Los Angeles Times
May 15, 2003
Sampras Withdraws From French Open, Wimbledon
By Bill Dwyre / Times Staff Writer


Tennis legend Pete Sampras ended months of speculation about his future today when he pulled out of the French Open and Wimbledon.

Sampras, who stunned the tennis world last September by ending a long string of winless tournaments with a dramatic victory over longtime rival Andre Agassi in the U.S. Open final, had announced late last year that he would play for another season, and maybe even another after that.

But then, as one tournament after another came and went and Sampras continued to pull out, speculation was fueled that he would not come back, as he had planned.

With today's action, Sampras, 31, made it clear that he is unlikely to play competitive tennis again.

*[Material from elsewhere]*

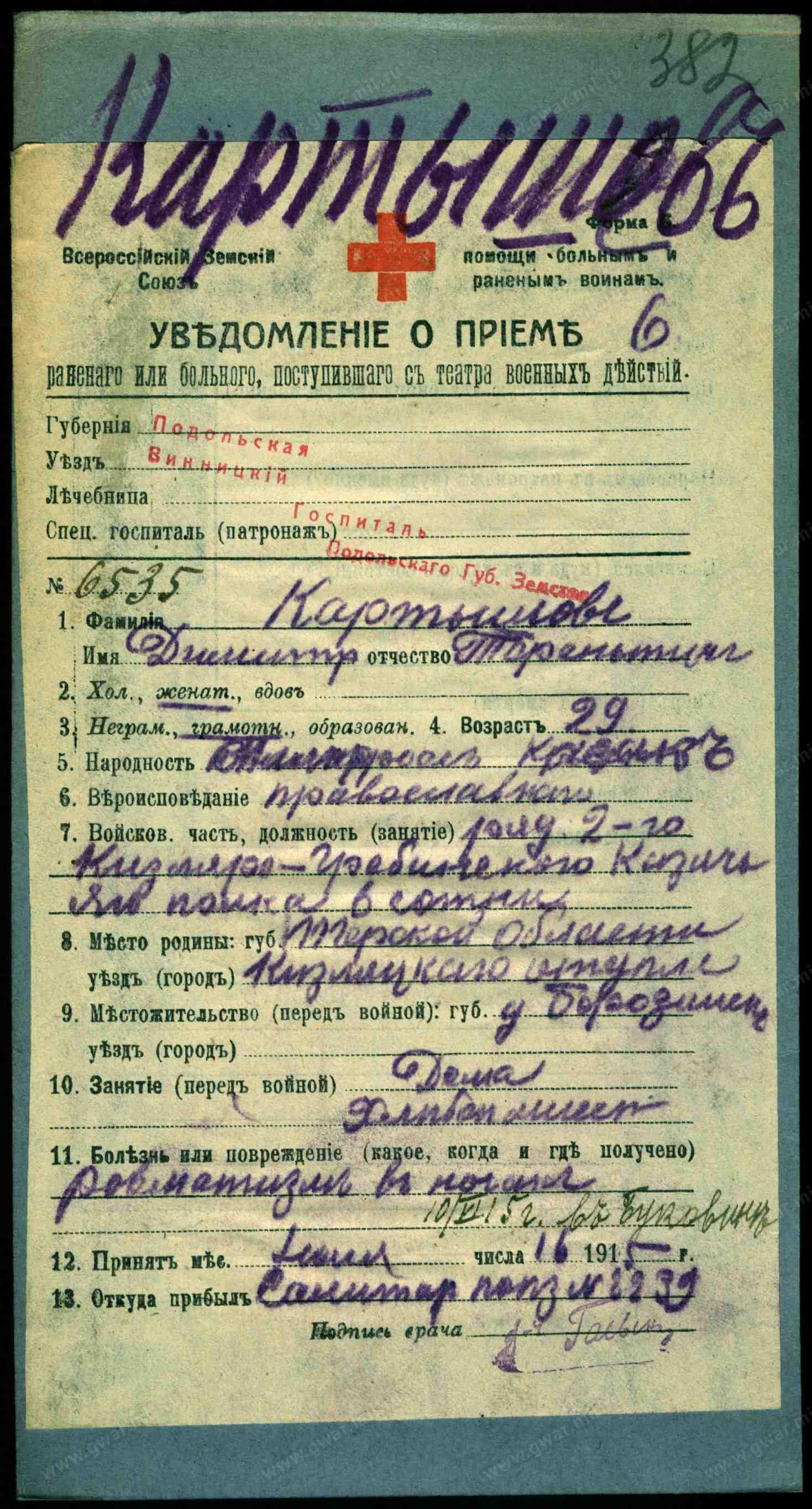 Фонд Картотека бюро учета потерь в Первой мировой войне (офицеров и солдат)

"I'm not 100% going to close the door," he said from his home in Beverly Hills, "but I know what it takes to be competitive -- the training and preparation and the seven-day-a-week dedication, and I'm just not there right now."

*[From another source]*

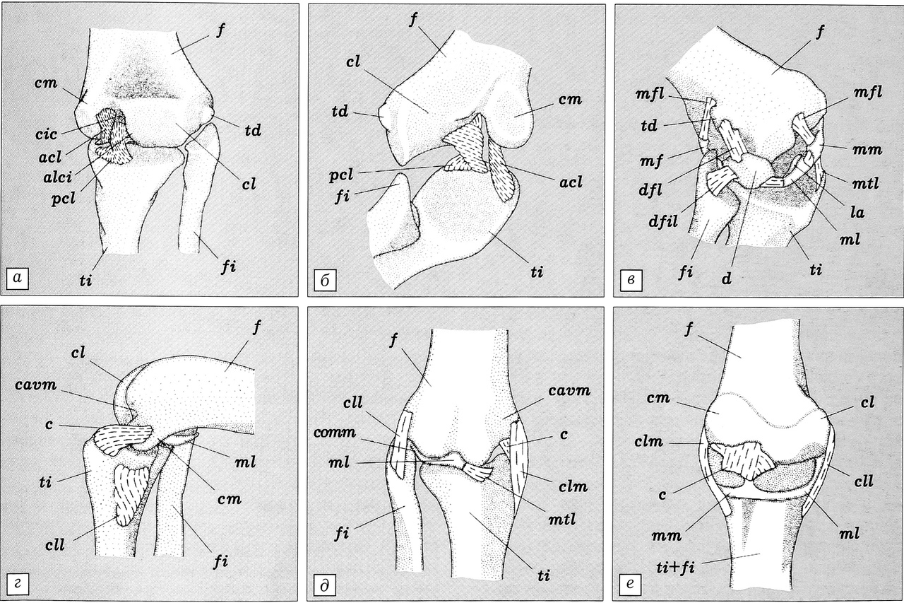 Рис. 1. Строение коленного сустава у четвероногих с латеральными конечностями.a-e — Gekko gecko: а — крестообразные связки (кости бедра и голени в нормальном положении), вид сзади; б — крестообразные связки (бедренная кость развернута по часовой стрелке для лучшей демонстрации области прикрепления связок), вид с латеральной стороны и спереди; в — мениски, вид с латеральной стороны и спереди;г, д — Chrysemys scripta: г — крестообразная связка коленного сустава, вид с медиальной стороны; д —мениск, вид спереди;е — Rana catesbeiana: крестообразная связка и мениски, вид сзади.acl — передняя крестообразная связка; alci — крыло, прикрывающее интеркондилярную полость; cavm — медиальная полость; cic — интеркондилярная полость; cl — латеральный мыщелок; с - крестообразная связка; сП — латеральная коллатеральная связка; elm — медиальная коллатеральная связка; ст — медиальный мыщелок; сотт — хрящевая перемычка; d — диск; dfil — дискофибулярная связка; dfl — дискофеморальная связка; f — бедренная кость; fi — малоберцовая кость; 1а — передняя лунула латерального мениска; mf — феморофибиальный мениск; mfl — менискофеморальная связка; ml — латеральный мениск; тт — медиальный мениск; mtl — мениско- тибиальная связка; pci — задняя крестообразная связка; td — бугорок для сочленения с диском; ti — большеберцоая кость; ti+fi — сложная берцовая кость.

Sampras' U.S. Open title last year was his 14th major, two more than any other male player in the history of the game. When he won his seventh Wimbledon title in 2000, he broke a tie with Australian Roy Emerson, who had shared the Grand Slam victory title with 12.

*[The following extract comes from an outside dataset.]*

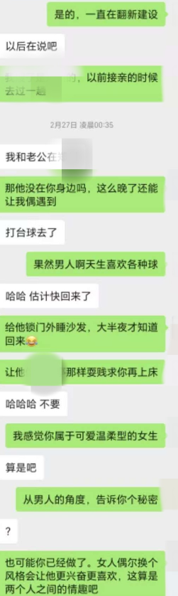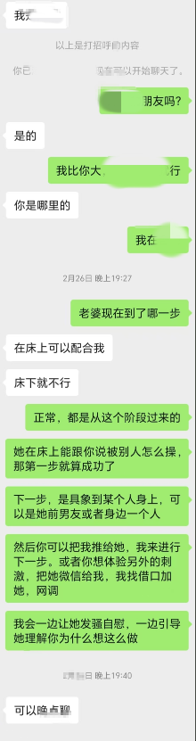陆陆续续给新手夫妻开发了不少,有成功有失败,最快一周最慢三年,这次是创了新纪录。老公把老婆微信给我,假装加错联系上,当晚聊自慰,第二天聊受不了,把老公微信给我,三人群老婆直接在群里释放自我。聊天太长,先放第一段,过两天发更刺激的第二段。

If he remains retired, Sampras will have ended with a 762-222 won-loss record on the men's pro tour, plus $43.2 million in prize money in a career that began as a junior player from the Palos Verdes Peninsula of Southern California, moved to the pro tour in 1988, reached stardom with the first of his five U.S. Open titles in 1990 and accomplished nearly every goal he sought except for the elusive French Open title, a major event played on slow clay courts not to Sampras' liking.